Tathra Sea Eagles

Club information
- Full name: Tathra Sea Eagles RLFC
- Colours: Maroon White
- Founded: 1926; 100 years ago
- Exited: 1979; 47 years ago
- Readmitted: 1996; 30 years ago

details
- Ground: Tathra Beach Country Club, Tathra;
- CEO: Scott Meaker
- Coach: James Scott
- Manager: Matthew Hughes
- Captain: James Bower-Scott & Mitch Carter
- Competition: Group 16 Rugby League
- 2024: 5th Place

Records
- Premierships: 6 (1951, 1952, 1953, 2019, 2025, 2026)
- Runners-up: 9 (1954, 1955, 1961, 1962, 1963, 1972, 2001, 2002, 2022, 2023)
- Minor premierships: 6 (1953, 1954, 1961, 1963, 1965, 1972)

= Tathra Sea Eagles =

Australian rugby league club, based in Tathra, NSW

Tathra Rugby League Football Club is an Australian rugby league football club in Tathra, New South Wales, formed in 1926. It has teams for both juniors and seniors competitions.

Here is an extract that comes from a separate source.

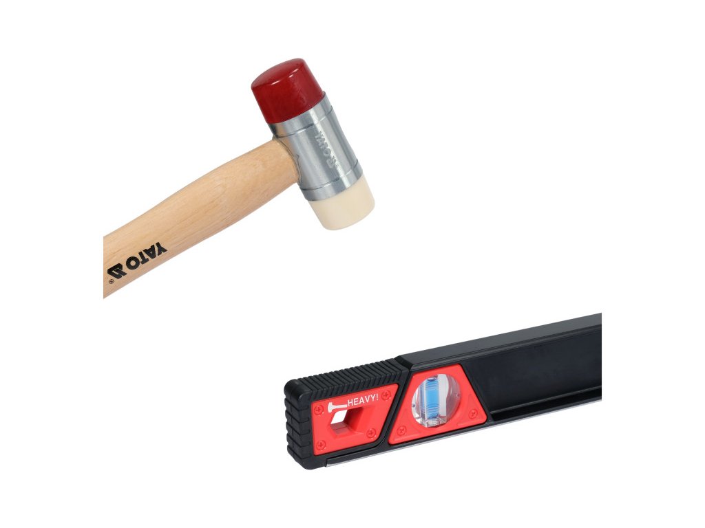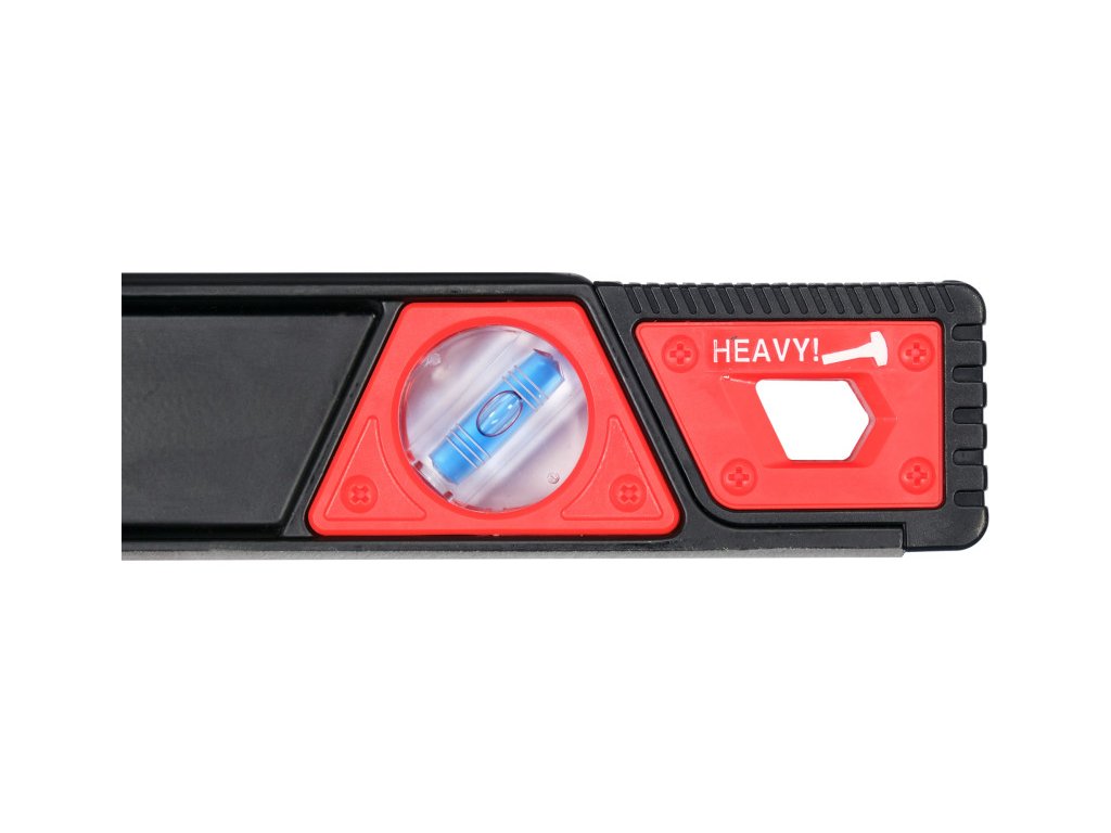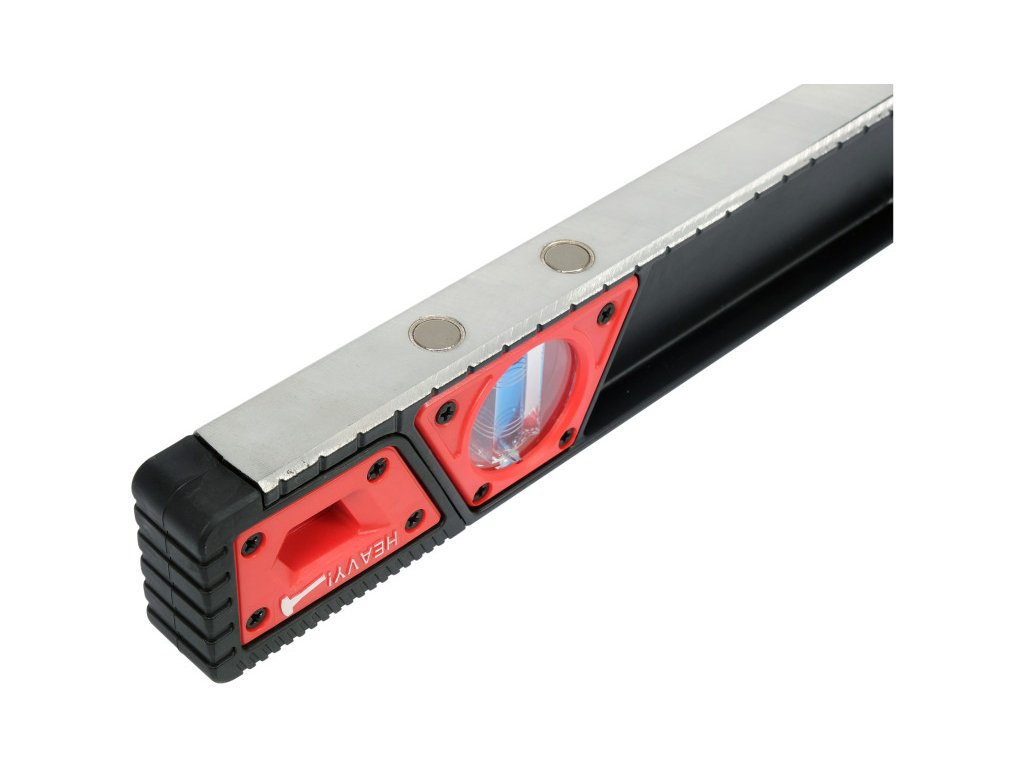 Robusztus, ütésálló alumínium szintező. Két nagy fogantyúja van, ami megkönnyíti a mérés végzését. A szintező végét rugalmas, ütésálló ütközők védenek, lehetővé téve a kalapáccsal való ütést. A szintező három légbuborékkal van felszerelve: függőleges, vízszintes, 45 fokos. Az esztergált alapban 5 mágnes található.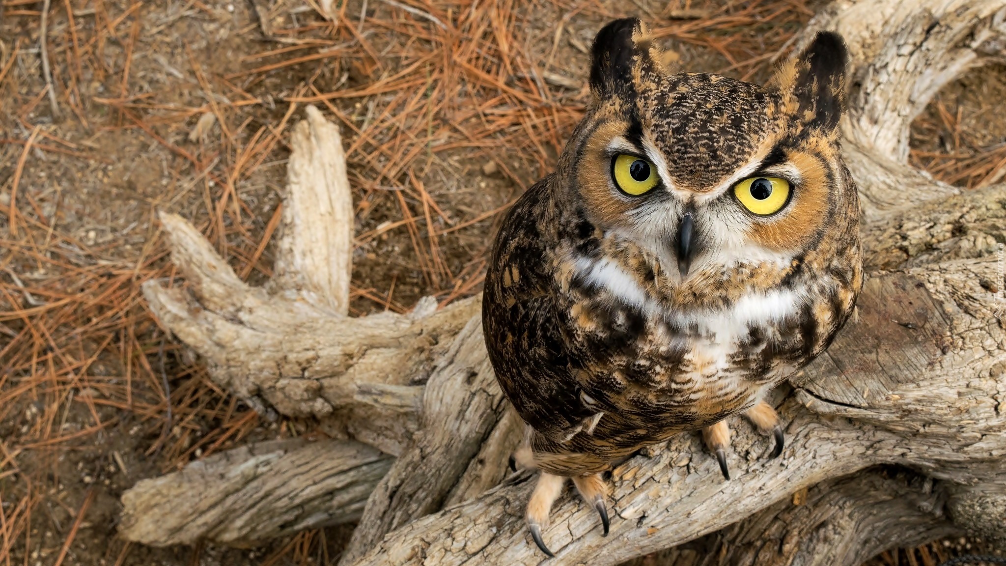 Edytor tapety: Sowa uszata na suchym konarze drzewa

Two early records name players in the Pambula team to play Tathra in June and August 1927.

In 1929, Tathra played a match against Candelo.

In the 2018 season, the club fielded Reserve Grade and Ladies League Tag teams. The club was most recently in First Grade from 2009 to 2014.

In 2019, the club won the Group 16 Premiership for the first time in 66 years.